Work required: Give the listing again word for word. Leave every image out.

+--

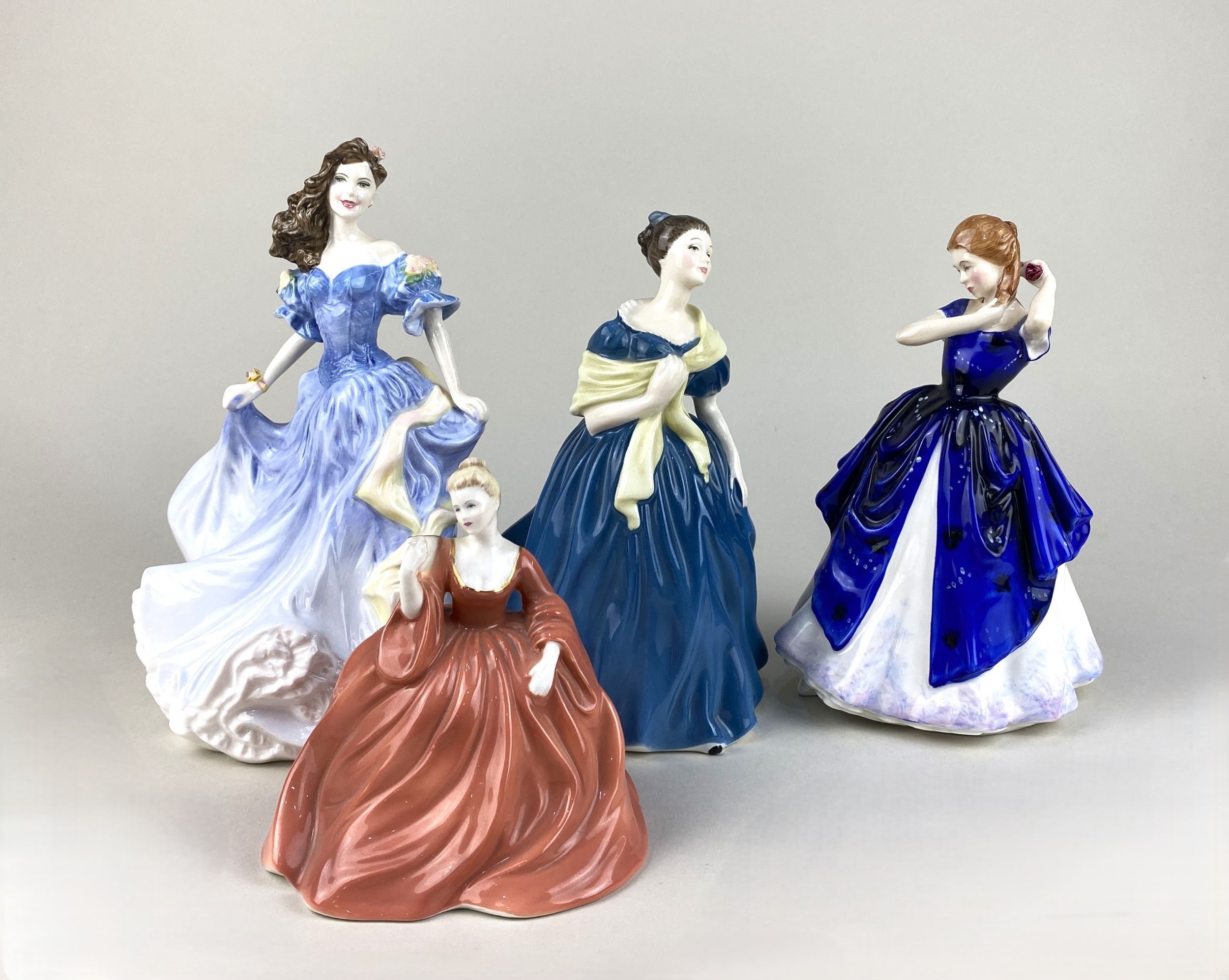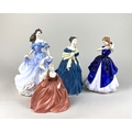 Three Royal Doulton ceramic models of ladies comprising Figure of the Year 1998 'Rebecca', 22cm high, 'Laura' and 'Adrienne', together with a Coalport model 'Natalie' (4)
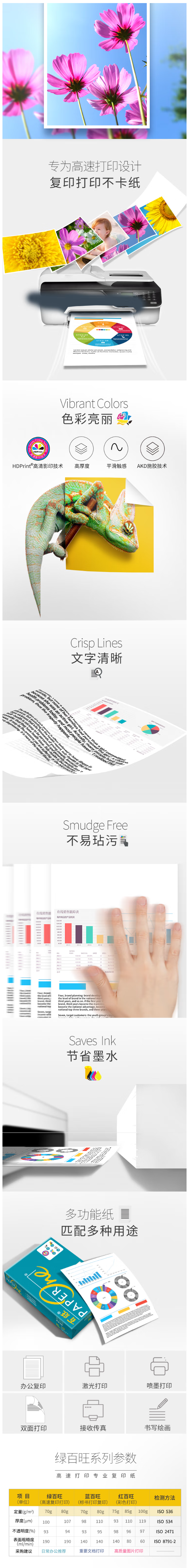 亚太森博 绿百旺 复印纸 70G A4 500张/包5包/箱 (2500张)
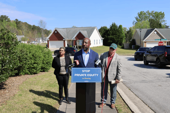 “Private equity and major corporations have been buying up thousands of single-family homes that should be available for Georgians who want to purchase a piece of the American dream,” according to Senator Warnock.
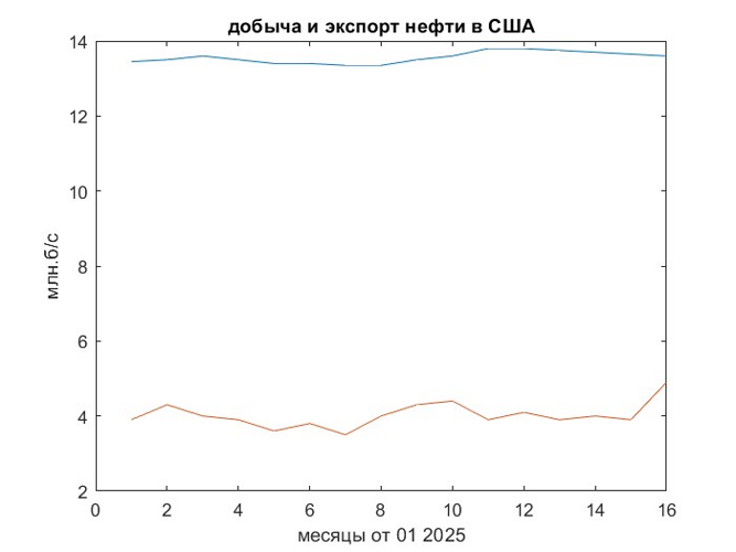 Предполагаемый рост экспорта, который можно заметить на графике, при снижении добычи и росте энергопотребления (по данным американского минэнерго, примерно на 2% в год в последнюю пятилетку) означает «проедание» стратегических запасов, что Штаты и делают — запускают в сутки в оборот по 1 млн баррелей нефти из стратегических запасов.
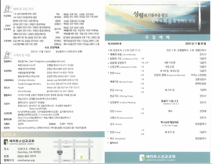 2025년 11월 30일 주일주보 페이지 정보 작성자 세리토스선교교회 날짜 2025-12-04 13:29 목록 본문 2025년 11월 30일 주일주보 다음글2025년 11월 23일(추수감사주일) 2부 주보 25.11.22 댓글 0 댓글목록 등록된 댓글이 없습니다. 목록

+--

Solution to the exercise:
 Three Royal Doulton ceramic models of ladies comprising Figure of the Year 1998 'Rebecca', 22cm high, 'Laura' and 'Adrienne', together with a Coalport model 'Natalie' (4)
 亚太森博 绿百旺 复印纸 70G A4 500张/包5包/箱 (2500张)
 “Private equity and major corporations have been buying up thousands of single-family homes that should be available for Georgians who want to purchase a piece of the American dream,” according to Senator Warnock.
 Предполагаемый рост экспорта, который можно заметить на графике, при снижении добычи и росте энергопотребления (по данным американского минэнерго, примерно на 2% в год в последнюю пятилетку) означает «проедание» стратегических запасов, что Штаты и делают — запускают в сутки в оборот по 1 млн баррелей нефти из стратегических запасов.
 2025년 11월 30일 주일주보 페이지 정보 작성자 세리토스선교교회 날짜 2025-12-04 13:29 목록 본문 2025년 11월 30일 주일주보 다음글2025년 11월 23일(추수감사주일) 2부 주보 25.11.22 댓글 0 댓글목록 등록된 댓글이 없습니다. 목록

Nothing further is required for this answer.